Exercise prompt — Nothing but an exact copy is asked for: the lines in the material below from the one with "بلوزة مزينة بطبعات" through the one with "爱文深圳项目总监余小菲Fay", pictures excluded.

Excerpted data —
────────────────────
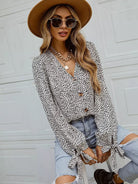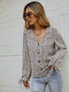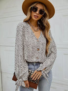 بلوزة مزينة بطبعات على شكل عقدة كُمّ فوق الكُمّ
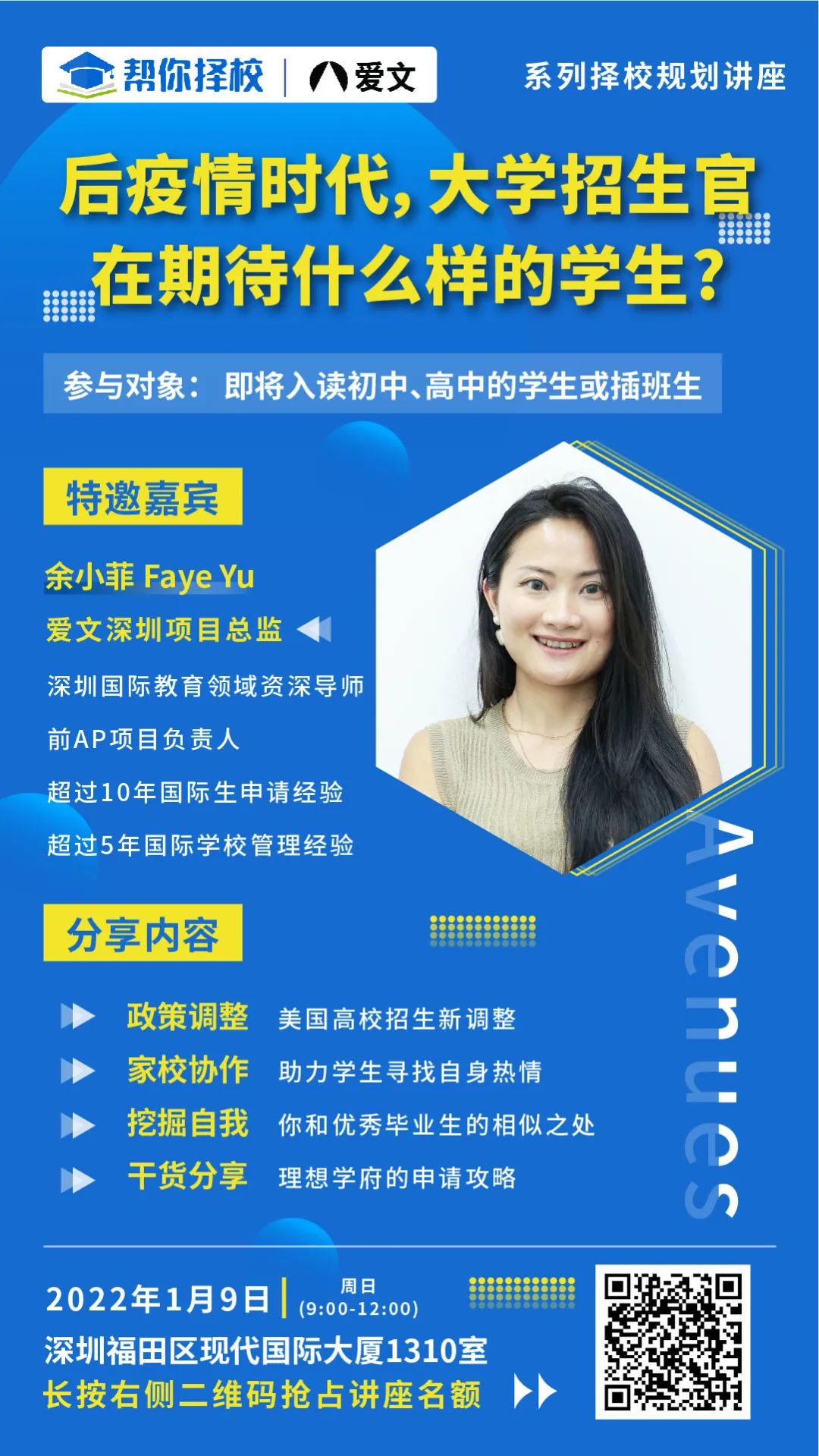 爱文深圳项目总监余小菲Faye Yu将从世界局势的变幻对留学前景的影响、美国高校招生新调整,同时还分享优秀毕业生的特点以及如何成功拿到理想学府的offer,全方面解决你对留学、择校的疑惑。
────────────────────
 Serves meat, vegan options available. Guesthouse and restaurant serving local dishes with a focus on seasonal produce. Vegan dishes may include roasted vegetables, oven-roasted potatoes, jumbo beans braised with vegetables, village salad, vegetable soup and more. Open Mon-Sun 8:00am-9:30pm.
────────────────────
Answer space —
 بلوزة مزينة بطبعات على شكل عقدة كُمّ فوق الكُمّ
 爱文深圳项目总监余小菲Faye Yu将从世界局势的变幻对留学前景的影响、美国高校招生新调整,同时还分享优秀毕业生的特点以及如何成功拿到理想学府的offer,全方面解决你对留学、择校的疑惑。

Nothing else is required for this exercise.